# Dumb Question -HVLP



## philcav7 (Sep 12, 2013)

What's the difference between a graco type setup and using a regular siphon feed gun running of a compressor.


----------



## DeanV (Apr 18, 2007)

Just what delivery system you prefer. Different fittings so most guns at least do not swap between the two air delivery systems. The turbine guns tend to have larger internal air passage ways.

Remember that full spec HVLP's often required around 13 cfm compressors to run properly. So, if you can move the compressor, it does not deliver enough to meet specs.

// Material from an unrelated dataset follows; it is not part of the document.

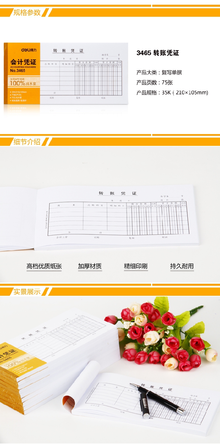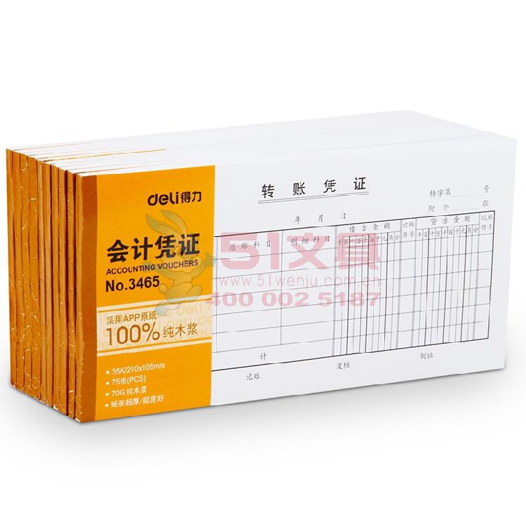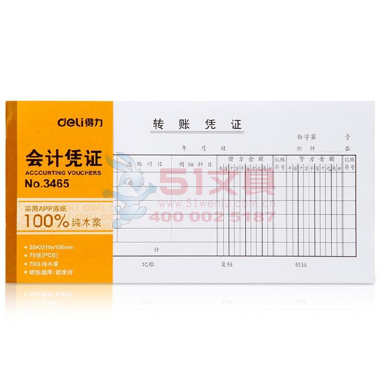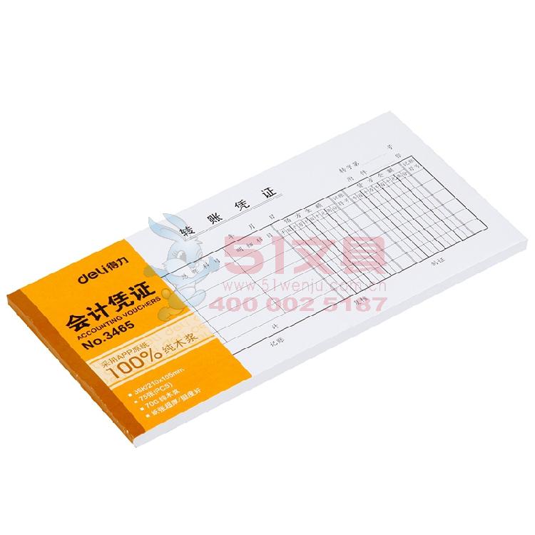 得力3465,35K75张转帐凭证 会计凭证转账单据 木浆纸...
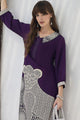 Purple and white printed tunic, has a V-neck and three quarter sleeves

Turbines are much more portable.

I burned out the motor on my 5 stage turbine so for shop use I just bought a couple LVLP guns set up with the 3M cup system to run off our compressor. It works for us. I think the turbine is now back up for us completely and for small onsite work if we do not want to lug our 230 lbs compressor along.


----------



## Gough (Nov 24, 2010)

philcav7 said:


> What's the difference between a graco type setup and using a regular siphon feed gun running of a compressor.


I'm assuming that you don't mean a "conversion gun"', but a conventional gun.

The HVLP system, like the Graco, puts out a lot of air, but at a lower pressure, hence the name. Part of the air flow is used to pressurize the paint cup to force paint out the fluid tip and the rest atomizes the fluid stream. 

The result is supposed to be a much higher transfer efficiency ( less overspray ), but there is a fair amount of research disputing that claim.

For us, the main difference is that the HVLP lends itself to on-site use, unlike the honking big compressors needed to run conventional guns for extended periods.


----------



## philcav7 (Sep 12, 2013)

Yes. A conventional gun. 

I have a couple portable compressors for the field, but I'm mainly looking for something in my shop. Just for occasional use to stain shelving, doors, and trim. 

Are there any suggested brand/model guns to look at?


----------



## DeanV (Apr 18, 2007)

Hvlp guns that run off compressors are conversion hvlp guns. 

I have a binks with 90p low air consumption air cap, devilbis vtx (spray stain only), and a couple asturo lvlp guns rebadged by Homestead Finishing. 

Iwata, binks, devilbis, ca tech, sata, are some of the primary brands. Graco also has both styles. 


Sent from my iPhone using Tapatalk


----------



## woodcoyote (Dec 30, 2012)

Depends on what your trying to use one for. I think that's the biggest question you have to answer. Portable vs. stationary setup (i.e. workshop, etc.).


----------